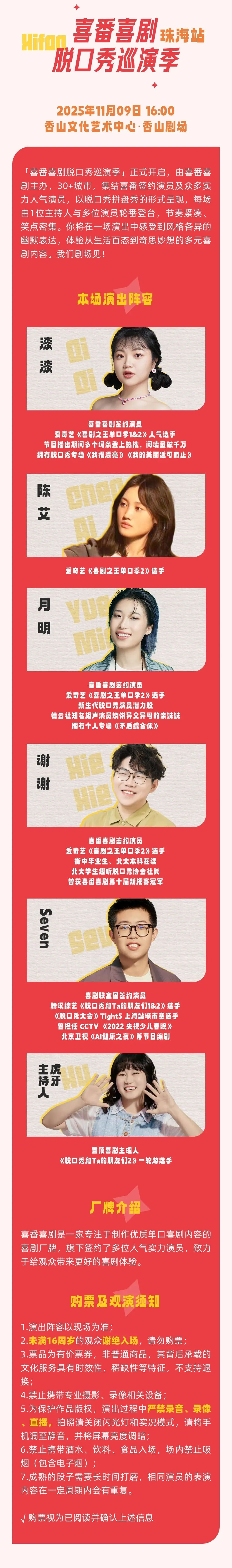 以书引剧、以剧促读 香洲区图书馆、珠海华发中演大剧院联合推出 “阅见舞台”系列阅读推广活动 本期活动 为你推荐 笑对人生书单 评论区参与互动将有机会与 《喜剧之王单口季2》 《脱口秀和Ta的朋友们2》 人气选手在剧场相聚 演出时间 11月9日(周日)16:00 演出地点 香山文化艺术中心·香山剧场 演出时长 约90分钟 (无中场休息,实际演出时长以现场为准) 入场须知 未满16周岁的观众谢绝入场 点击展开更多精彩 刘震云 《一句顶一万句》的故事很简单,小说的前半部写的是过去:孤独无助的吴摩西失去唯一能够“说得上话”的养女,为了寻找,走出延津;小说的后半部写的是现在:吴摩西养女的儿子牛爱国,同样为了摆脱孤独寻找“说得上话”的朋友,走向延津。一走一来,延宕百年。书中的人物大部分是中国最底层的老百姓,偏偏安排了一个意大利牧师老詹。 F3阅览区B17架B面03列06层 梁实秋 真正的勇士能够在看清了生活的真相后依然热爱生活,在不违背天地之道的情况下成为一个自由而快乐的人。全面收录《中年》《送行》《猫的故事》《喝茶》《好汉》等60篇梁式最为广为传颂佳作,篇篇锦绣,经典集萃,从情感/美食/中庸/人性/高雅/家国/人事/读书等角度,完美还原并完整呈现先生内心湛然,通透圆融的精神世界。云山苍苍,江水泱泱;先生之风,山高水长。感悟大师生活智慧,于喧嚣尘世,唯愿你少些不安,多一些内心的平静与自在。好好生活,不言放弃。 F3阅览区B12架B面03列01层 豆瓣评分8.5 林欣浩 宇宙的外面是什么? 世界会不会是假的? 这个世界有没有终极真理? 人生的意义是什么? 你知道吗,你想过或者没想过的这些奇奇怪怪的问题,早在几千年前就被哲学家们一本正经地提出,挖空心思地找证据,面红耳赤地争论过了。在整个世界忙着探索、开垦、打仗、上天、发展的漫长历史中,这帮哲学家们却神经质地死磕这个世界的真相和人生的意义,就好像一个网络游戏里的角色试图琢磨自己手里武器的代码是什么…… 翻开本书,从神烦的苏格拉底开始,了解哲学家们穷其一生苦思的问题及最终答案。 F2阅览区A01架A面02列04层 笑着告别 豆瓣评分8.1 [法]纪尧姆·巴伊 纪尧姆·巴伊是“法国人最喜爱的殡葬师”。 他用百十则温情、幽默的真实记录摹画出丧礼中的人心、亲情、世态,讲述从业者的愁闷与喜乐。 小故事、短篇小说、剧本、书信、词语解析,多样的写作体裁化解了主题的沉重,营造轻松、流畅的阅读体验。 读完本书,想必您对死亡和殡葬行业的看法会有所改变。 葬礼是一个沉重、艰难、庄严的时刻。殡葬师是个低调而不事张扬的行业。但有时候,与亲人的最后告别不乏戏剧性。围绕悼念仪式,不时上演着各种滑稽、怪诞的场面。忍着笑,噙着泪,纪尧姆•巴伊带我们进入殡葬师的工作日常。而读者您,请做好哭了又笑笑了又哭的准备。 F3阅览区B06架A面01列02层 不开玩笑 豆瓣评分8.0 史炎 幽默感真的是天生的吗?“好笑”的来源是什么?从新建word文档到一个成熟的段子之间有多远?谐音梗真的是烂梗吗?打开这本书,看国内脱口秀元老级人物,知名脱口秀演员、培训师史炎关于理解幽默、创造欢笑的一 切经验。 “幽默在表达和沟通的过程中是提升效率的利器,作用无可替代——当你把人逗笑时,对方把他的心智短暂地交给了你。”作者用让人笑得停不下来的文笔,将自己从业十数年的幽默秘籍全盘托出,无论你是想对脱口秀有更多的了解,还是想在演讲、沟通中大放异彩,或者只是希望寻求一些“幽默力”的提升,成为一个有趣的人,这本书都不会让你失望。 F2阅览区B18架A面03列04层 【香洲的人】 有趣的邻里、个性的店主、有爱的志愿者…… 【香洲的事】 社区趣闻、精彩演艺、日常生活的小确幸与小烦恼…… 【香洲的风景】 最韵味历史街区、最浪漫海岸、最美城市公园…… 【香洲的吃喝玩乐】 地道美食、特色小店、逛吃citywalk…… 围绕“香洲生活”展开,与“香洲”有关,能让你会心一笑或捧腹大笑的生活片段、观察思考,都可以成为你的创作素材! 赶紧在评论区留下你的段子,获点赞最多的一位读者,将获得喜番喜剧脱口秀巡演季·珠海站演出门票两张。 11月5日早上10点,截止活动并在评论区精选公布获奖名单。 喜番喜剧脱口秀巡演季·珠海站(合作) 香山文化艺术中心 周一闭馆 周二-日工作时间 9:00-17:30 📍 地址 珠海市香洲区健民路868号 🚌 交通指引 46路 / B10路 / Z16路 / B9路 步行约300米至香山文化艺术中心 编辑:张 婷、刘海霞 初审:陈静文 校审:程传龙 终审:李威佳
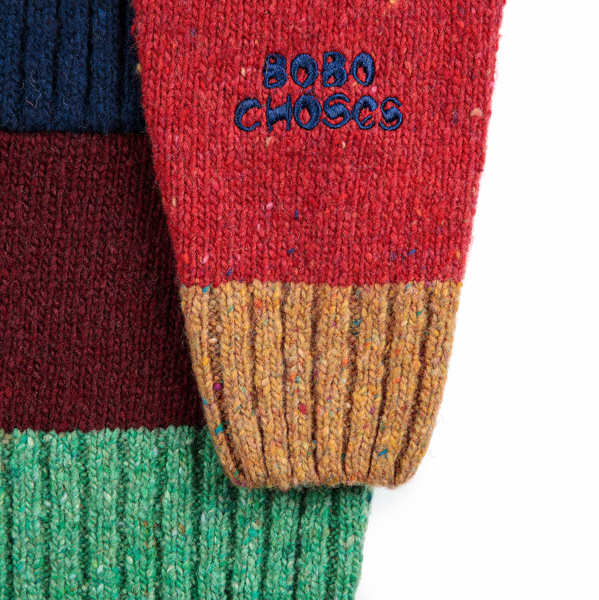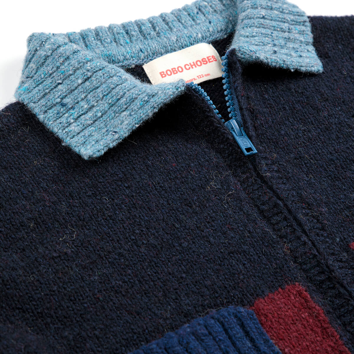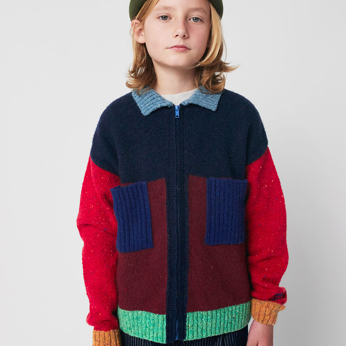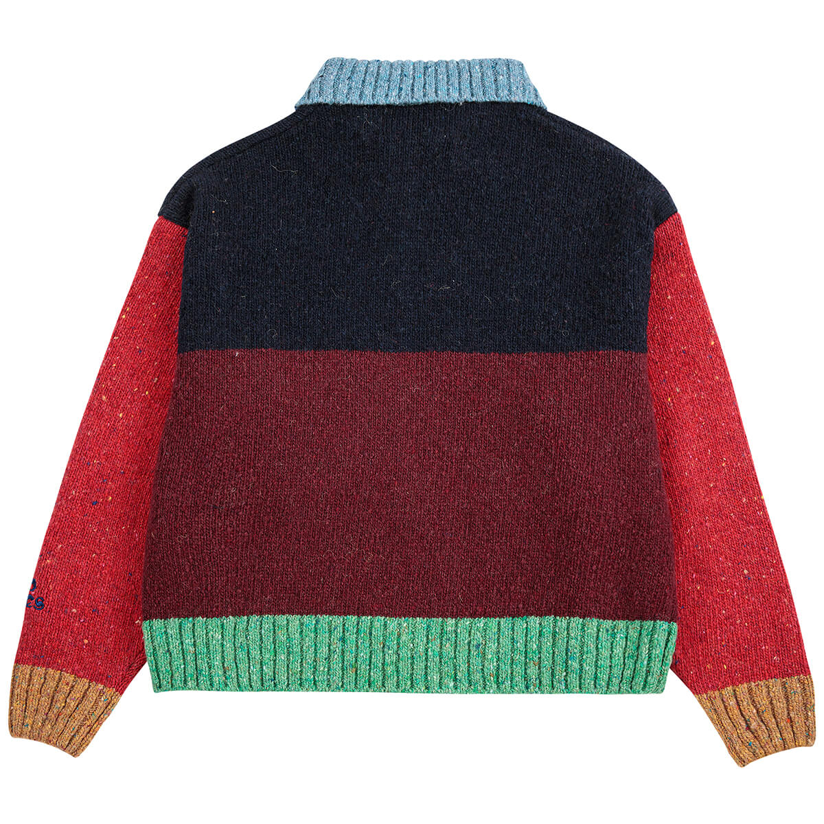 Bobo Choses Colour Block Cardigan by Bobo Choses. A stylish and cosy multicoloured wool cardigan, designed for those cooler days. This colour block cardigan features long sleeves, a flat collar, ribbed cuffs a patched chest pocket and front zip closure.
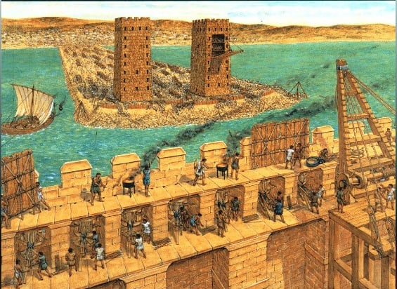 Alexander đại đế cho xây 2 tháp gỗ bọc da thô và đặt chúng ở cuối đường đắp cao đang xây dang dở. Các tháp này có gắn pháo để đáp trả đòn tấn công của quân Tyre. Ảnh minh họa: SlideShare
------
Each line of the material above should be set down exactly, with no pictures.

Completed exercise:
 以书引剧、以剧促读 香洲区图书馆、珠海华发中演大剧院联合推出 “阅见舞台”系列阅读推广活动 本期活动 为你推荐 笑对人生书单 评论区参与互动将有机会与 《喜剧之王单口季2》 《脱口秀和Ta的朋友们2》 人气选手在剧场相聚 演出时间 11月9日(周日)16:00 演出地点 香山文化艺术中心·香山剧场 演出时长 约90分钟 (无中场休息,实际演出时长以现场为准) 入场须知 未满16周岁的观众谢绝入场 点击展开更多精彩 刘震云 《一句顶一万句》的故事很简单,小说的前半部写的是过去:孤独无助的吴摩西失去唯一能够“说得上话”的养女,为了寻找,走出延津;小说的后半部写的是现在:吴摩西养女的儿子牛爱国,同样为了摆脱孤独寻找“说得上话”的朋友,走向延津。一走一来,延宕百年。书中的人物大部分是中国最底层的老百姓,偏偏安排了一个意大利牧师老詹。 F3阅览区B17架B面03列06层 梁实秋 真正的勇士能够在看清了生活的真相后依然热爱生活,在不违背天地之道的情况下成为一个自由而快乐的人。全面收录《中年》《送行》《猫的故事》《喝茶》《好汉》等60篇梁式最为广为传颂佳作,篇篇锦绣,经典集萃,从情感/美食/中庸/人性/高雅/家国/人事/读书等角度,完美还原并完整呈现先生内心湛然,通透圆融的精神世界。云山苍苍,江水泱泱;先生之风,山高水长。感悟大师生活智慧,于喧嚣尘世,唯愿你少些不安,多一些内心的平静与自在。好好生活,不言放弃。 F3阅览区B12架B面03列01层 豆瓣评分8.5 林欣浩 宇宙的外面是什么? 世界会不会是假的? 这个世界有没有终极真理? 人生的意义是什么? 你知道吗,你想过或者没想过的这些奇奇怪怪的问题,早在几千年前就被哲学家们一本正经地提出,挖空心思地找证据,面红耳赤地争论过了。在整个世界忙着探索、开垦、打仗、上天、发展的漫长历史中,这帮哲学家们却神经质地死磕这个世界的真相和人生的意义,就好像一个网络游戏里的角色试图琢磨自己手里武器的代码是什么…… 翻开本书,从神烦的苏格拉底开始,了解哲学家们穷其一生苦思的问题及最终答案。 F2阅览区A01架A面02列04层 笑着告别 豆瓣评分8.1 [法]纪尧姆·巴伊 纪尧姆·巴伊是“法国人最喜爱的殡葬师”。 他用百十则温情、幽默的真实记录摹画出丧礼中的人心、亲情、世态,讲述从业者的愁闷与喜乐。 小故事、短篇小说、剧本、书信、词语解析,多样的写作体裁化解了主题的沉重,营造轻松、流畅的阅读体验。 读完本书,想必您对死亡和殡葬行业的看法会有所改变。 葬礼是一个沉重、艰难、庄严的时刻。殡葬师是个低调而不事张扬的行业。但有时候,与亲人的最后告别不乏戏剧性。围绕悼念仪式,不时上演着各种滑稽、怪诞的场面。忍着笑,噙着泪,纪尧姆•巴伊带我们进入殡葬师的工作日常。而读者您,请做好哭了又笑笑了又哭的准备。 F3阅览区B06架A面01列02层 不开玩笑 豆瓣评分8.0 史炎 幽默感真的是天生的吗?“好笑”的来源是什么?从新建word文档到一个成熟的段子之间有多远?谐音梗真的是烂梗吗?打开这本书,看国内脱口秀元老级人物,知名脱口秀演员、培训师史炎关于理解幽默、创造欢笑的一 切经验。 “幽默在表达和沟通的过程中是提升效率的利器,作用无可替代——当你把人逗笑时,对方把他的心智短暂地交给了你。”作者用让人笑得停不下来的文笔,将自己从业十数年的幽默秘籍全盘托出,无论你是想对脱口秀有更多的了解,还是想在演讲、沟通中大放异彩,或者只是希望寻求一些“幽默力”的提升,成为一个有趣的人,这本书都不会让你失望。 F2阅览区B18架A面03列04层 【香洲的人】 有趣的邻里、个性的店主、有爱的志愿者…… 【香洲的事】 社区趣闻、精彩演艺、日常生活的小确幸与小烦恼…… 【香洲的风景】 最韵味历史街区、最浪漫海岸、最美城市公园…… 【香洲的吃喝玩乐】 地道美食、特色小店、逛吃citywalk…… 围绕“香洲生活”展开,与“香洲”有关,能让你会心一笑或捧腹大笑的生活片段、观察思考,都可以成为你的创作素材! 赶紧在评论区留下你的段子,获点赞最多的一位读者,将获得喜番喜剧脱口秀巡演季·珠海站演出门票两张。 11月5日早上10点,截止活动并在评论区精选公布获奖名单。 喜番喜剧脱口秀巡演季·珠海站(合作) 香山文化艺术中心 周一闭馆 周二-日工作时间 9:00-17:30 📍 地址 珠海市香洲区健民路868号 🚌 交通指引 46路 / B10路 / Z16路 / B9路 步行约300米至香山文化艺术中心 编辑:张 婷、刘海霞 初审:陈静文 校审:程传龙 终审:李威佳
 Bobo Choses Colour Block Cardigan by Bobo Choses. A stylish and cosy multicoloured wool cardigan, designed for those cooler days. This colour block cardigan features long sleeves, a flat collar, ribbed cuffs a patched chest pocket and front zip closure.
 Alexander đại đế cho xây 2 tháp gỗ bọc da thô và đặt chúng ở cuối đường đắp cao đang xây dang dở. Các tháp này có gắn pháo để đáp trả đòn tấn công của quân Tyre. Ảnh minh họa: SlideShare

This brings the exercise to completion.